Medium resolution 2.3 micron spectroscopy of the massive Galactic open cluster Westerlund 1

2007 
The Galactic open cluster Westerlund 1 was found only a few years ago to be much more massive than previously thought, with evidence suggesting its mass to be in excess of ~10^5 Msun, in the range spanned by young extragalactic star clusters. Unlike those clusters its proximity makes spatially resolved studies of its stellar population feasible. It is therefore the ultimate template for a young, massive star cluster, permitting direct comparison of its properties with measurements of velocity dispersion and dynamical mass for spatially unresolved extragalactic clusters. To this end, we used the long slit near-infrared spectrograph VLT/ISAAC to observe the CO bandhead region near 2.29 micron scanning the slit across the cluster centre during the integration. Spatially collapsing the spectra along the slit results in a single co-added spectrum of the cluster, comparable to what one would obtain in the extragalactic cluster context.

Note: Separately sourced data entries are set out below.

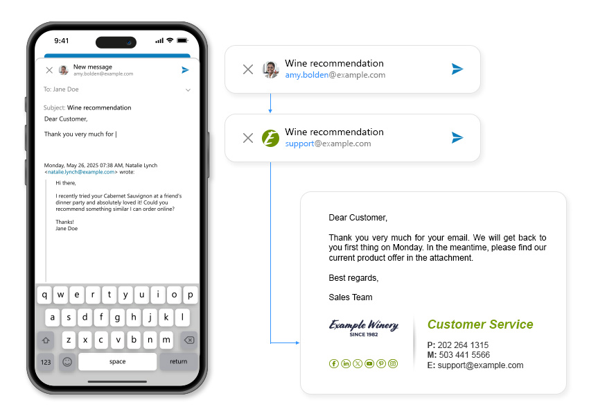 企业通常会设置通用邮箱地址供外部用户联系,例如 info@example.com。部门同样适用此规则。诸如 sales@example.com 和 support@example.com 之类的地址被广泛使用,使客户无需知晓具体员工邮箱即可联系组织内特定部门。然而,当市场部员工回复发往sales@example.com的邮件时,回复中该通用地址会被替换为其个人邮箱。这导致后续所有回复都将发送到完全不同的邮箱。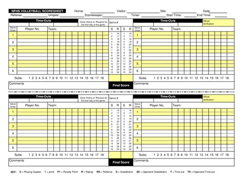 Volleyball Score Sheet Volleyball Games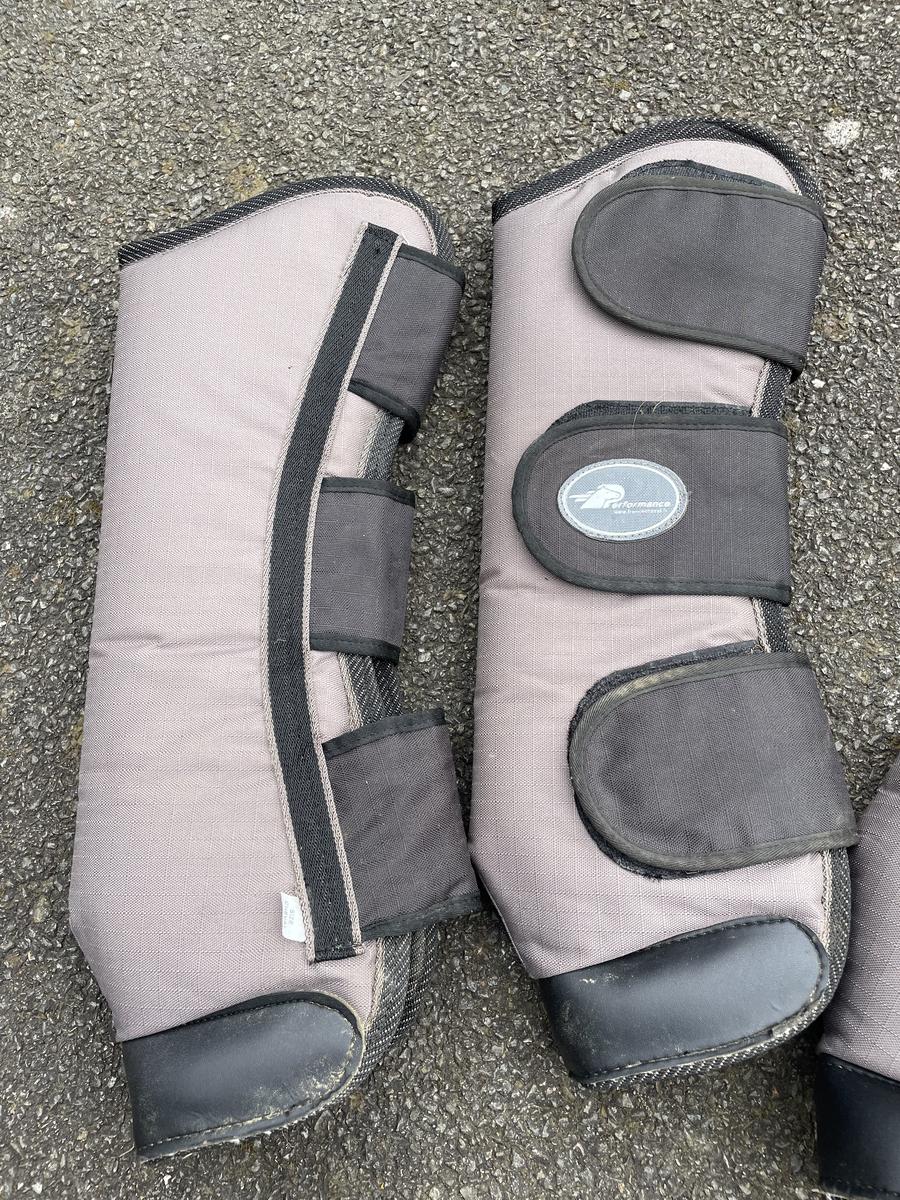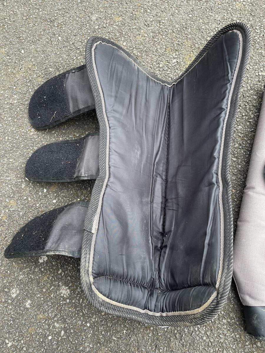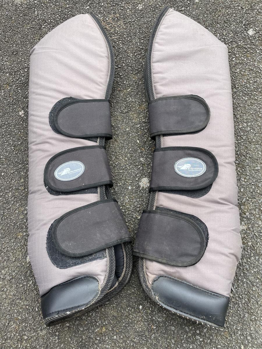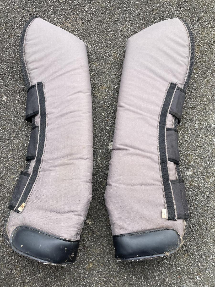 Protection de transport de très bonne qualité. Elle sont taille cheval. Les traces blanches sont des restes de savons, elles partiront au prochain lavage! :)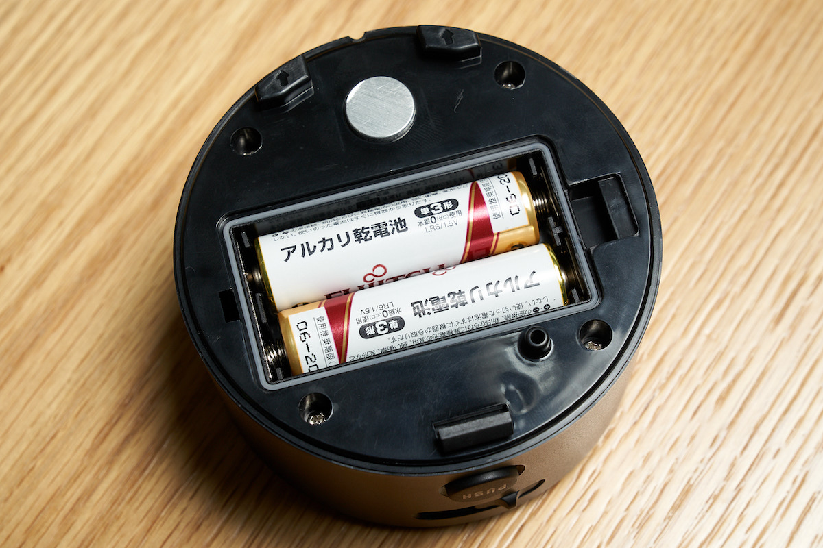 電源として使用するのは単3形アルカリ乾電池2本。コンセントにつなぐ必要がないので、庭やベランダはもちろん、キャンプやバーベキューといったアウトドアシーンでも活躍してくれる。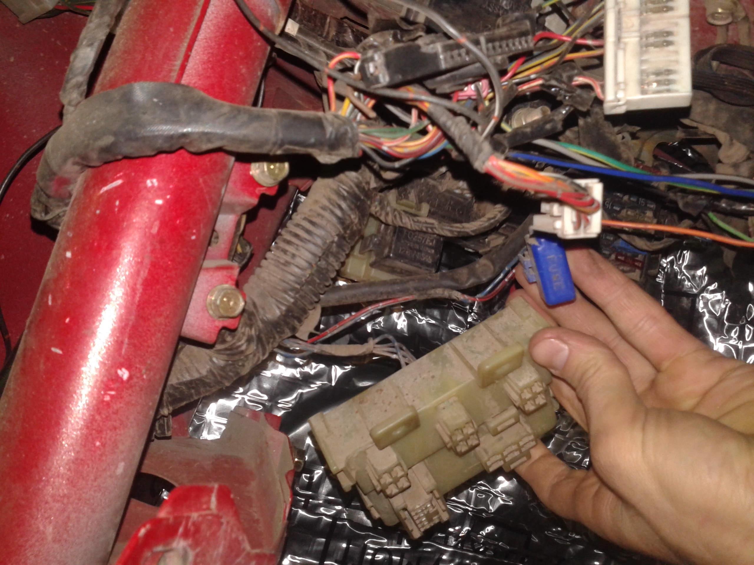 нашёл ещё лишний блок, точнее колодку, на ней было реле, я его пристроил на другую колодку, на этой щас предохранитель и провода под не существующее что-то... вот думаю и это выдрать...

This spectrum was analysed the same way as the spectra of almost point-like extragalactic clusters, using red superiant cluster members as velocity templates. We detected four red supergiants which are included in the integrated spectrum, and our measured velocity dispersion is 5.8 km/s. Together with the cluster size of 0.86 pc, derived from archival near-infrared SOFI-NTT images, this yields a dynamical mass of 6.3x10^4 Msun. While this value is not to be considered the final word, there is at least so far no sign for rapid expansion or collapse.